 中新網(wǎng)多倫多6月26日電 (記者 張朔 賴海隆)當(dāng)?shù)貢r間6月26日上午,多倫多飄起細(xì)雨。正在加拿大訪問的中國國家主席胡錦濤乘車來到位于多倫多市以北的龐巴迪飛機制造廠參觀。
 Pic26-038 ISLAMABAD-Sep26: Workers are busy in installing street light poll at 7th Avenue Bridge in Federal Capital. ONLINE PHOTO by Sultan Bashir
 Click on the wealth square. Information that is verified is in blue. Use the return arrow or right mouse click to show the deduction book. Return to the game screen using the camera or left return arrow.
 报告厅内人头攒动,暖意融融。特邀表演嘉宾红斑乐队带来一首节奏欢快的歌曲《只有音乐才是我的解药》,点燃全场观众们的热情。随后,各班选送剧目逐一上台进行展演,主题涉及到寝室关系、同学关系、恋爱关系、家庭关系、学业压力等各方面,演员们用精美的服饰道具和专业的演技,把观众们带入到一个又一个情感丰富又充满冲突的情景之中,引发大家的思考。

———

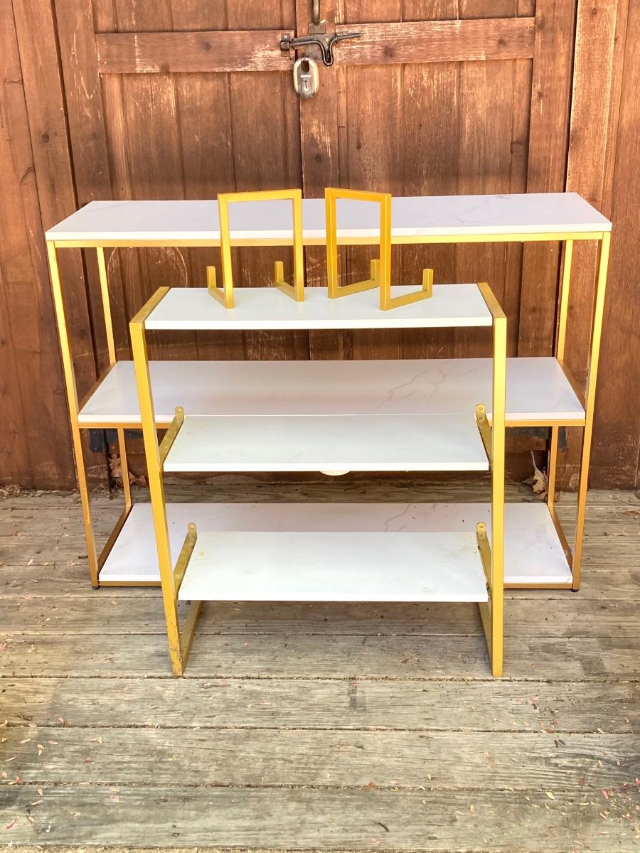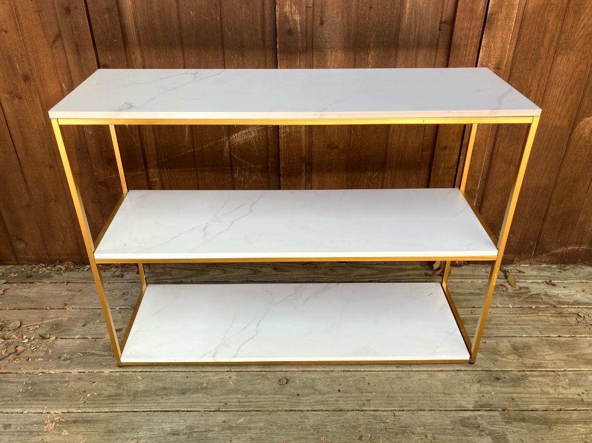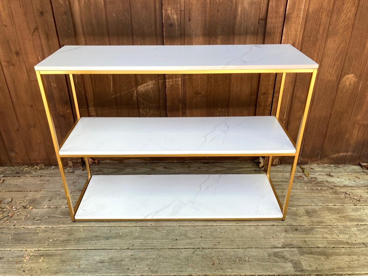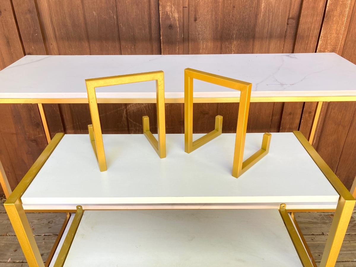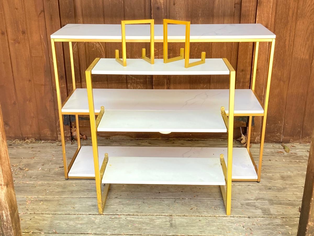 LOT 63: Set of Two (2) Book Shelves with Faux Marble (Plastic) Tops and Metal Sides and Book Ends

———

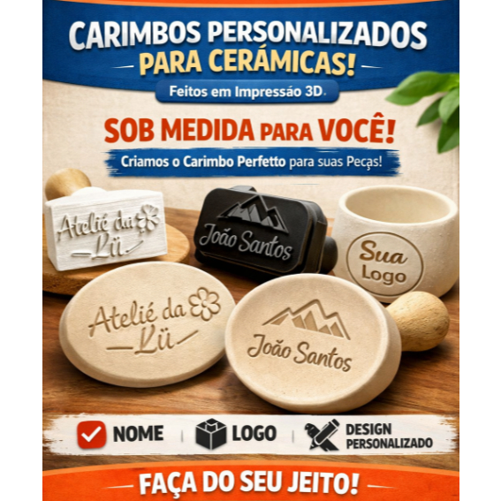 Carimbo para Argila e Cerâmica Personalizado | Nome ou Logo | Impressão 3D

———

**DIRECTIONS**
Reproduce verbatim only the segment of the listing bounded by the line containing "Click on the" and the line containing "报告厅内人头攒动,暖意融融。", with both boundary lines included.

**THE COMPLETED TASK**
 Click on the wealth square. Information that is verified is in blue. Use the return arrow or right mouse click to show the deduction book. Return to the game screen using the camera or left return arrow.
 报告厅内人头攒动,暖意融融。特邀表演嘉宾红斑乐队带来一首节奏欢快的歌曲《只有音乐才是我的解药》,点燃全场观众们的热情。随后,各班选送剧目逐一上台进行展演,主题涉及到寝室关系、同学关系、恋爱关系、家庭关系、学业压力等各方面,演员们用精美的服饰道具和专业的演技,把观众们带入到一个又一个情感丰富又充满冲突的情景之中,引发大家的思考。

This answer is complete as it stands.